> Available data:
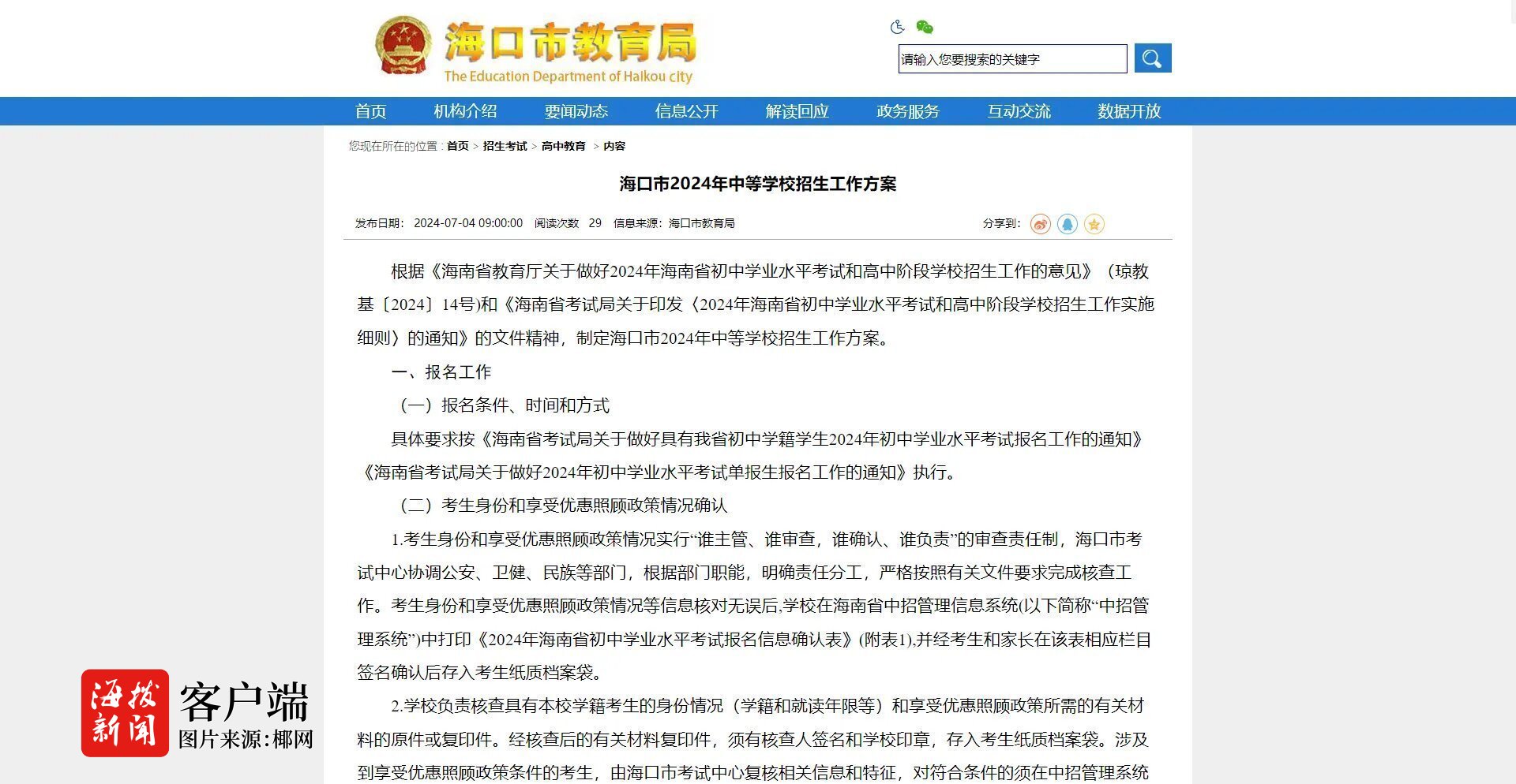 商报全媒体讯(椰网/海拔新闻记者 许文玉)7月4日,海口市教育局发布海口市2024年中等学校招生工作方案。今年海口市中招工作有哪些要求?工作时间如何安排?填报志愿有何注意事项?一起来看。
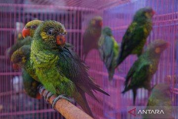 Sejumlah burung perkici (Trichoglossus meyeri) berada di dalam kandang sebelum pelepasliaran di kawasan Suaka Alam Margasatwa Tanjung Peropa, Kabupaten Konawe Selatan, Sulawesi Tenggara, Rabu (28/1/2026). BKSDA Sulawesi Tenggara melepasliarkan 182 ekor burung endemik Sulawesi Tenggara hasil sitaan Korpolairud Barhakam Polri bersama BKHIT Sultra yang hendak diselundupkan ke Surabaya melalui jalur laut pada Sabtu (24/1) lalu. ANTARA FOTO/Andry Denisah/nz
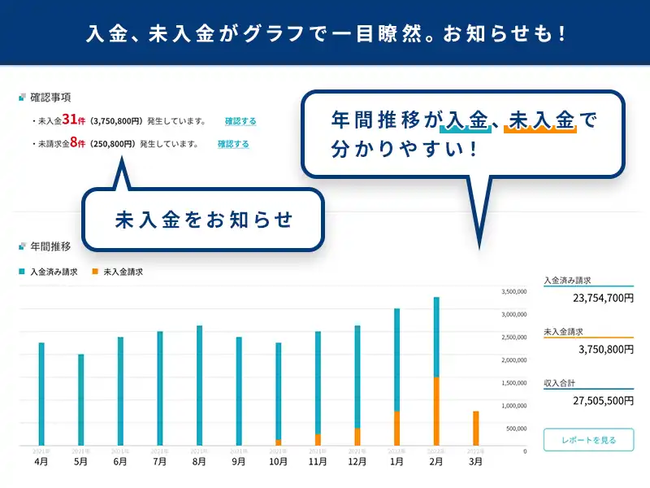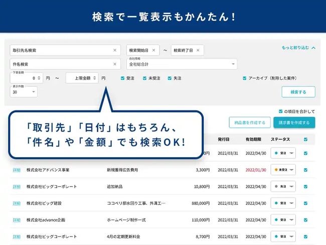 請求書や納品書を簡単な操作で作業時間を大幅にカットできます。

> Directions: Starting with the line that contains "Sejumlah burung perkici", reproduce every line to the end of the material above, both end lines included, exactly and with no pictures.

> Solution:
 Sejumlah burung perkici (Trichoglossus meyeri) berada di dalam kandang sebelum pelepasliaran di kawasan Suaka Alam Margasatwa Tanjung Peropa, Kabupaten Konawe Selatan, Sulawesi Tenggara, Rabu (28/1/2026). BKSDA Sulawesi Tenggara melepasliarkan 182 ekor burung endemik Sulawesi Tenggara hasil sitaan Korpolairud Barhakam Polri bersama BKHIT Sultra yang hendak diselundupkan ke Surabaya melalui jalur laut pada Sabtu (24/1) lalu. ANTARA FOTO/Andry Denisah/nz
 請求書や納品書を簡単な操作で作業時間を大幅にカットできます。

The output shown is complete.